■ Exercise directions ■
Starting from the line containing "alweer tevoorschijn met", give again every line through the end of the entries, word for word. Pictures stay out of the copy.
____
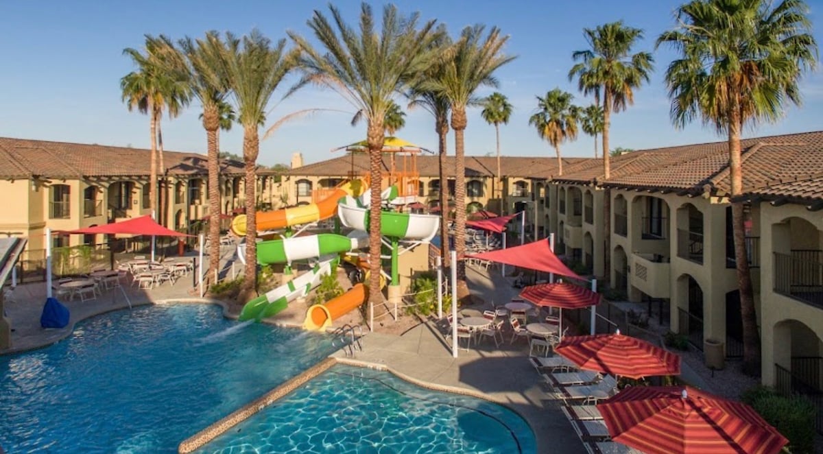 This is Marriott's timeshare, ideally placed, just a short drive from the Grand Canyon, Sedona and other attractions. Enjoy a few rounds of table tennis, exercise in our fitness center or swim in one of swimming pools while your kids play on the splash pad at our family-friendly resort in Phoenix. Indulge in a poolside meal at Canyon Springs Bar & Grill. Units are available in 3 sizes: Studio, 1 and 2 bedrooms. Price is typically 25-50% higher for each upgrade. Please inquire about availability.
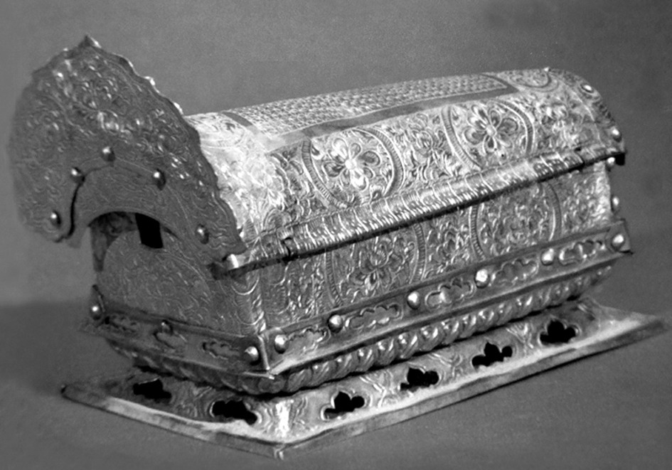 | 释义 | 金棺jinguan宋代舍利葬具。1987年5月武功县报本寺塔地宫出土。棺体呈前高后低,状如今木棺,由盖、帮、底座三部分组成。盖、帮厚不足0.5毫米,以榫铆相接,盖镂饰贯线纹,座为须弥座,棺头上端呈弧形并饰二相对的嘉陵频伽鸟。金棺长17.8厘米,大头高10.6厘米,宽9厘米;小头高7.5厘米,宽7.6厘米。重331.5克。现藏武功县文物管理委员会。
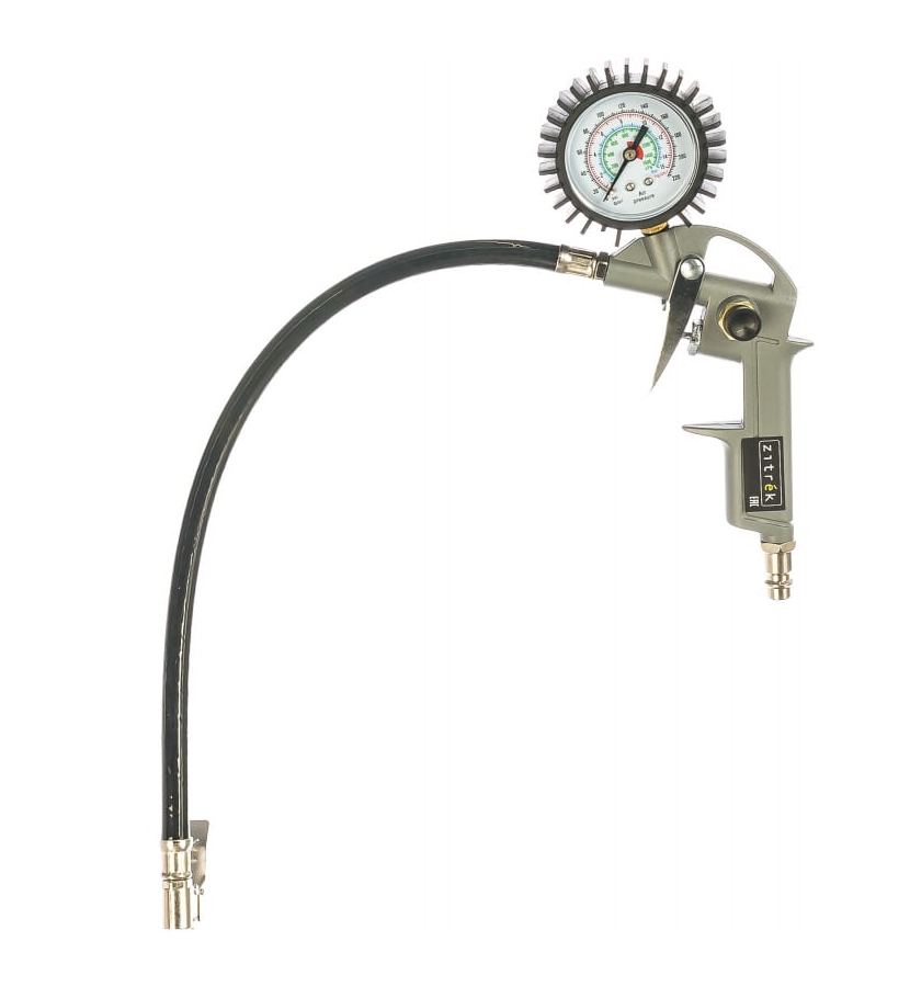 Пистолет для накачки с манометром Zitrek TG-62 012-2118 используется в мастерских или автосервисах для накачивания автомобильных шин воздухом.
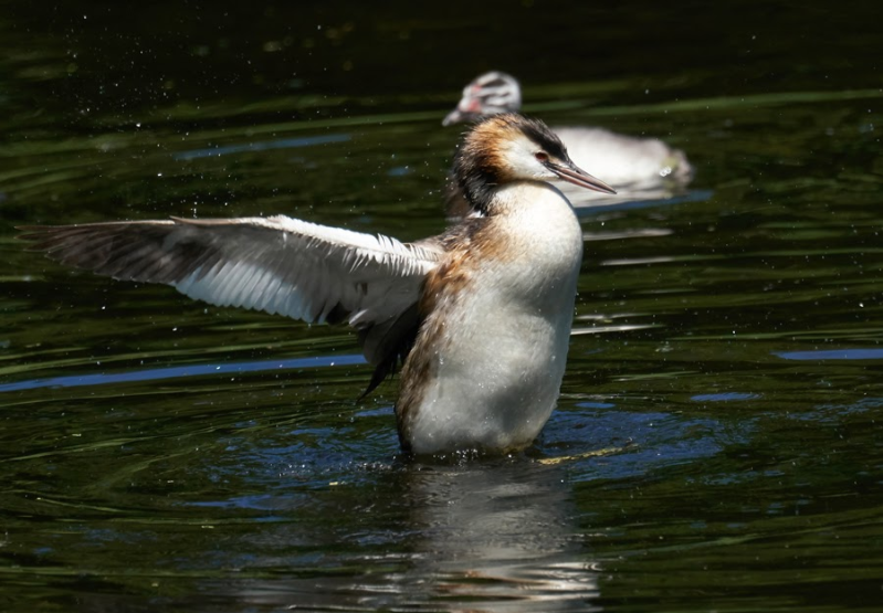 alweer tevoorschijn met een prooi en zwom hiermee naar de overkant :
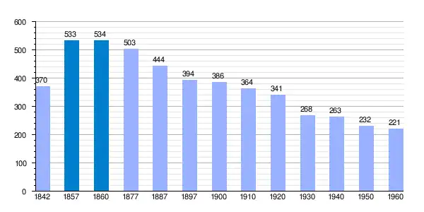 | Gráfica de evolución demográfica de Sant Romá de Abella[4] entre 1842 y 1960 |
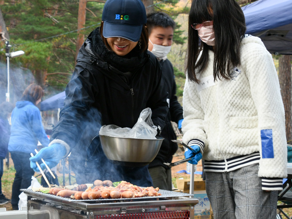 大自然の中でBBQ 大町市長も歓迎のあいさつ
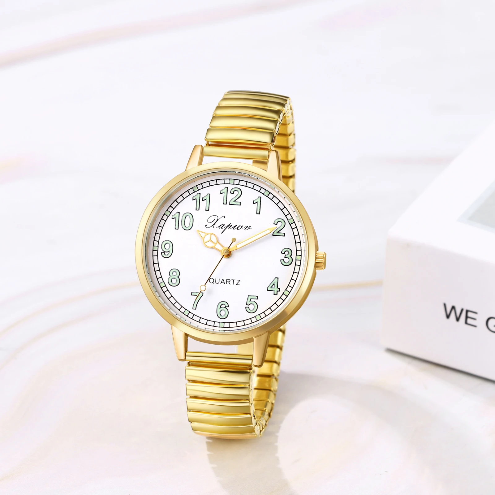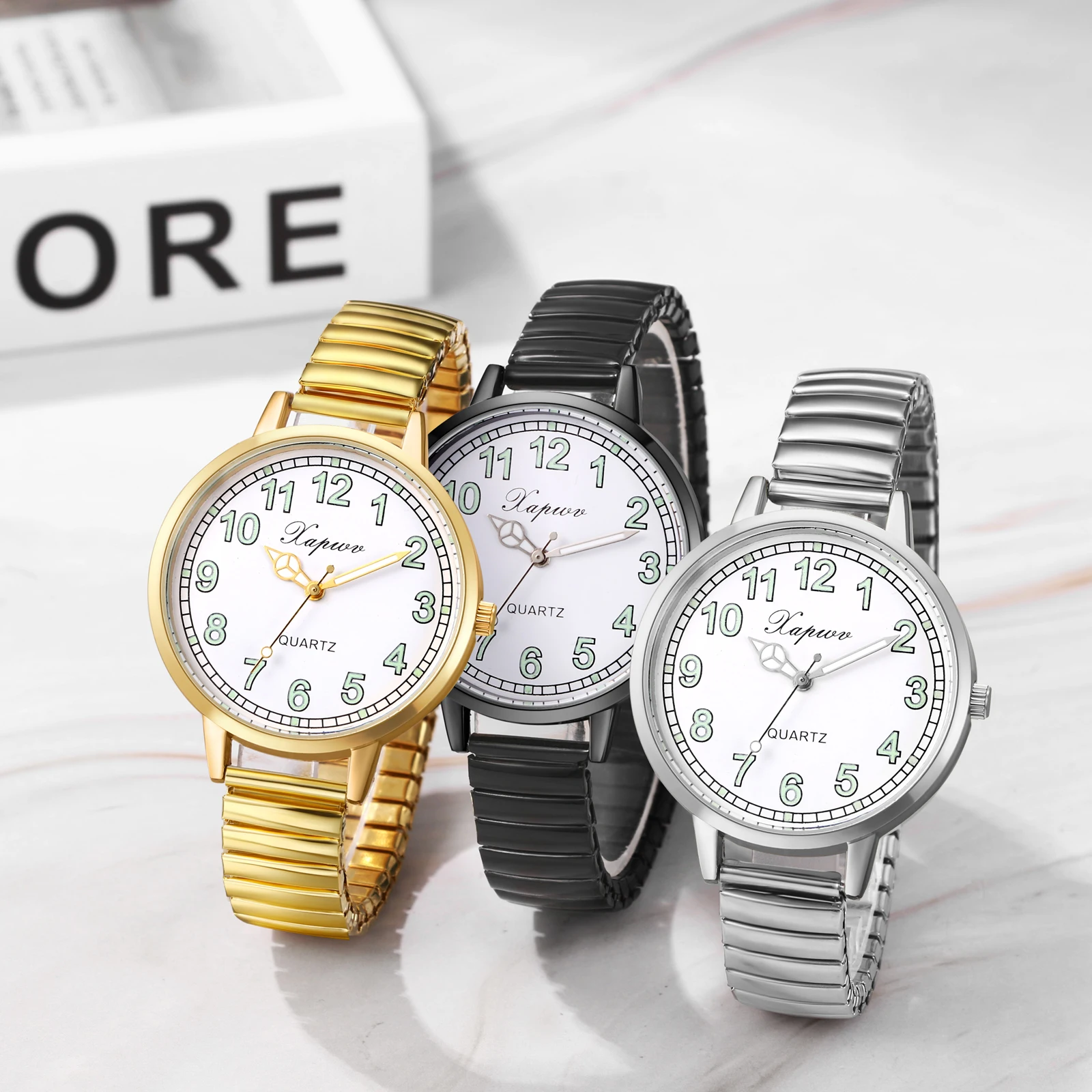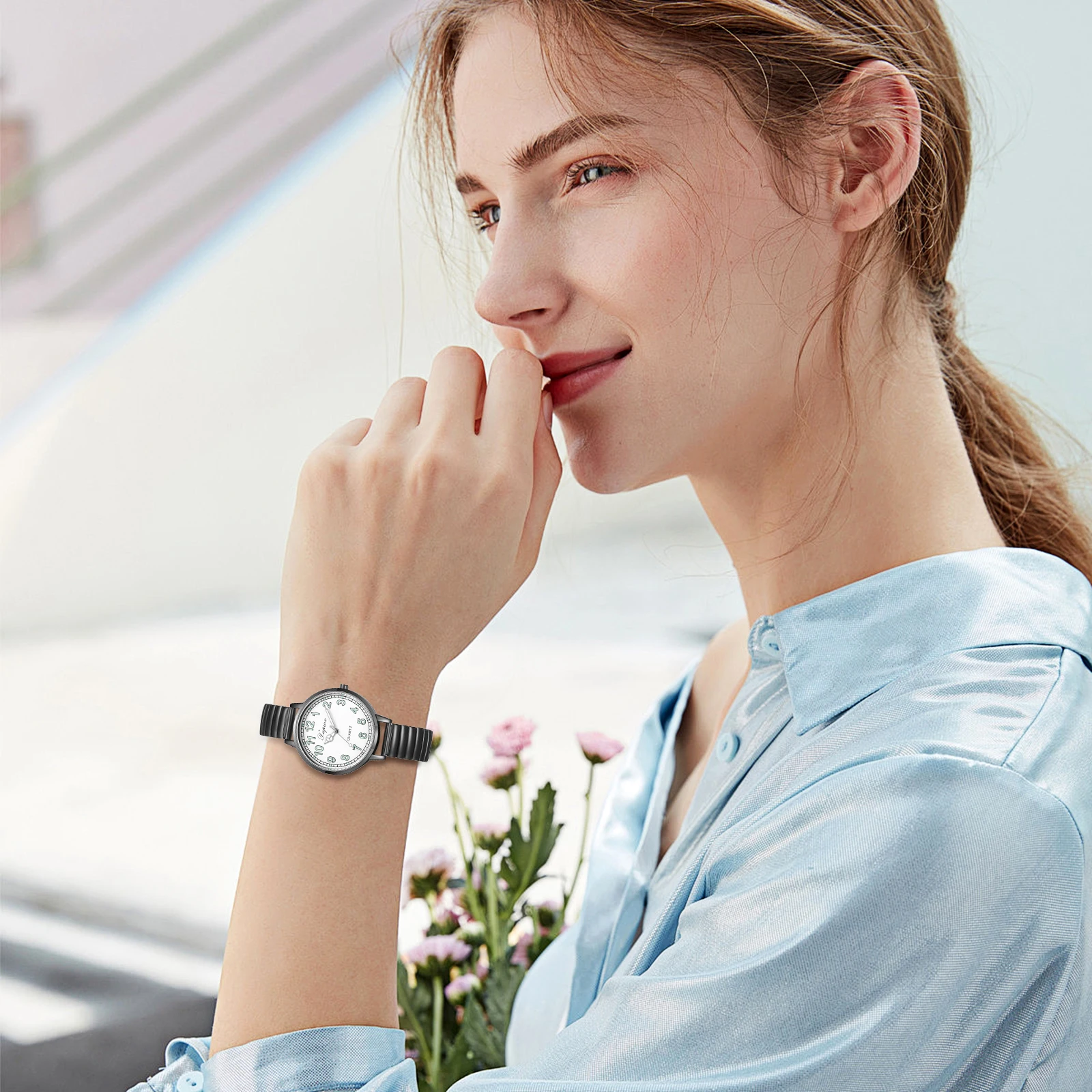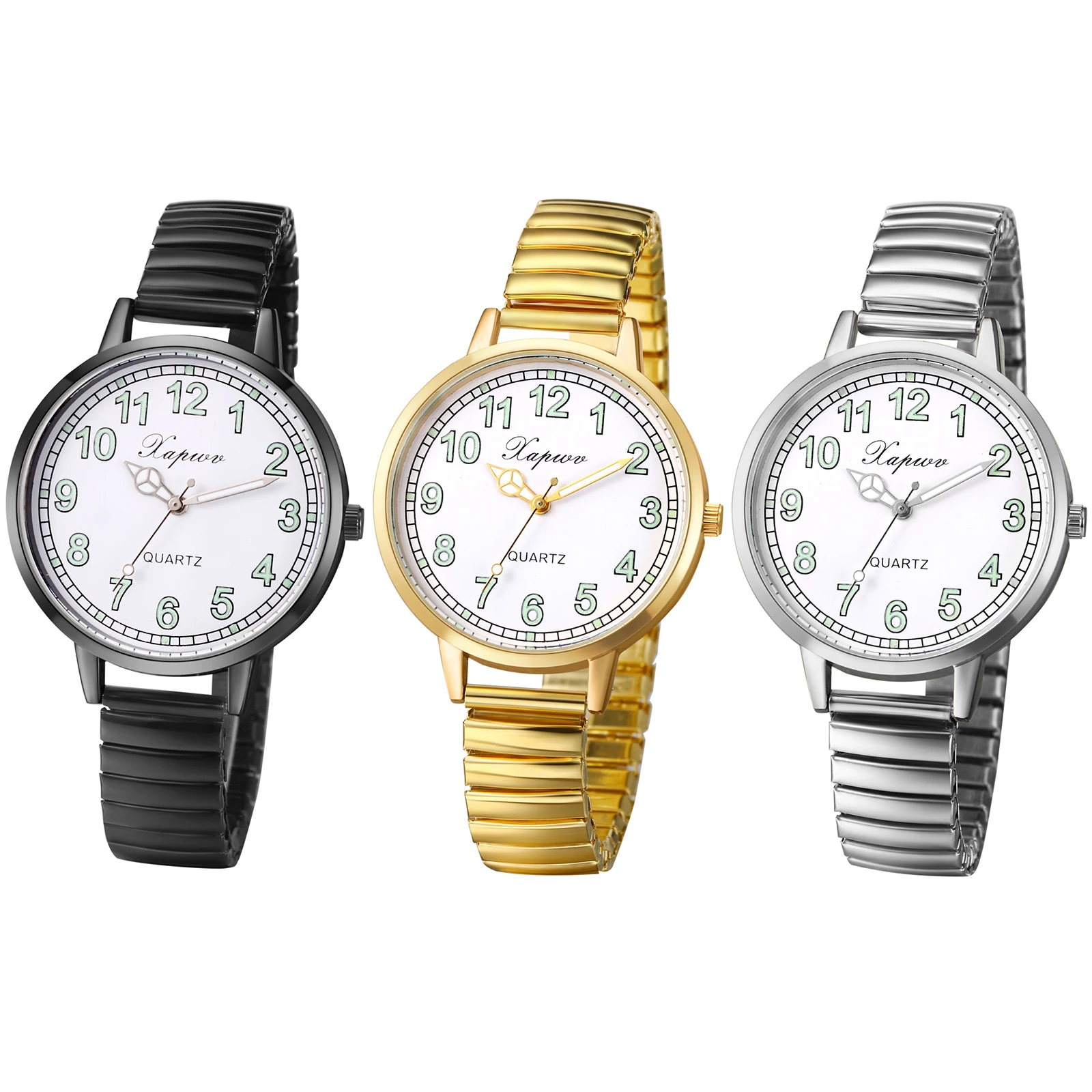LANCARDO Elastic Women Watch Waterproof Luminous Scale and Hand Hard Steel Bracelet Elastic Strap Watch Simulates Quartz
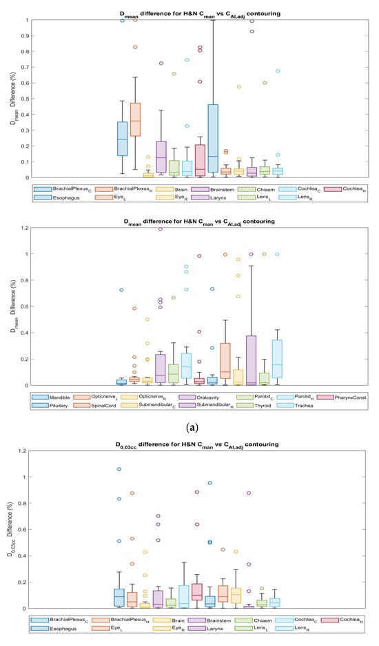 Differences in Dmean to OARs for HNC between Cman and CAI,adj contours are shown in Figure 8a, where the esophagus exhibited relatively large variations in ∆Dmean. D0.03cc to the eyes and cochleas had a difference of a maximum of 13% between the Cman and CAI,adj plans (Figure 8b), while other OARs showed <10% differences, except for the constraint of contralateral brachial plexus and brainstem. Each circle symbol represents a value outside the standard deviation.
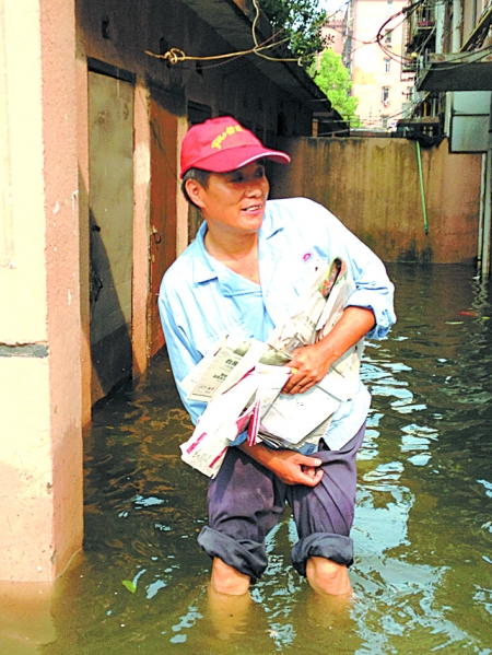 8月10日下午,宁波日报甬港发行站投递员时桂军蹚着齐膝深的积水,将当天的报纸挨户送到潜龙社区订户手中。
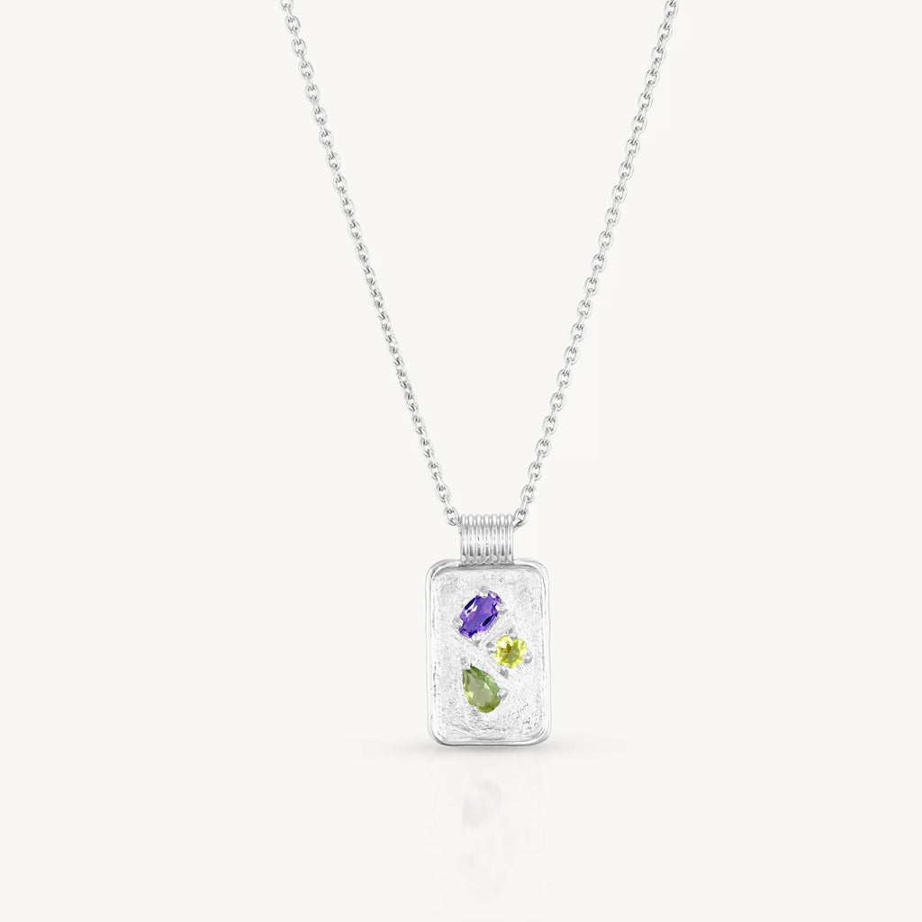 Encased in a sleek baguette-shaped pendant with a textured face, three prong-set stones - a round Peridot, a marquise Apatite, and an oval Amethyst - whisper ancient secrets.
____
■ Finished task ■
 alweer tevoorschijn met een prooi en zwom hiermee naar de overkant :
 | Gráfica de evolución demográfica de Sant Romá de Abella[4] entre 1842 y 1960 |
 大自然の中でBBQ 大町市長も歓迎のあいさつ
LANCARDO Elastic Women Watch Waterproof Luminous Scale and Hand Hard Steel Bracelet Elastic Strap Watch Simulates Quartz
 Differences in Dmean to OARs for HNC between Cman and CAI,adj contours are shown in Figure 8a, where the esophagus exhibited relatively large variations in ∆Dmean. D0.03cc to the eyes and cochleas had a difference of a maximum of 13% between the Cman and CAI,adj plans (Figure 8b), while other OARs showed <10% differences, except for the constraint of contralateral brachial plexus and brainstem. Each circle symbol represents a value outside the standard deviation.
 8月10日下午,宁波日报甬港发行站投递员时桂军蹚着齐膝深的积水,将当天的报纸挨户送到潜龙社区订户手中。
 Encased in a sleek baguette-shaped pendant with a textured face, three prong-set stones - a round Peridot, a marquise Apatite, and an oval Amethyst - whisper ancient secrets.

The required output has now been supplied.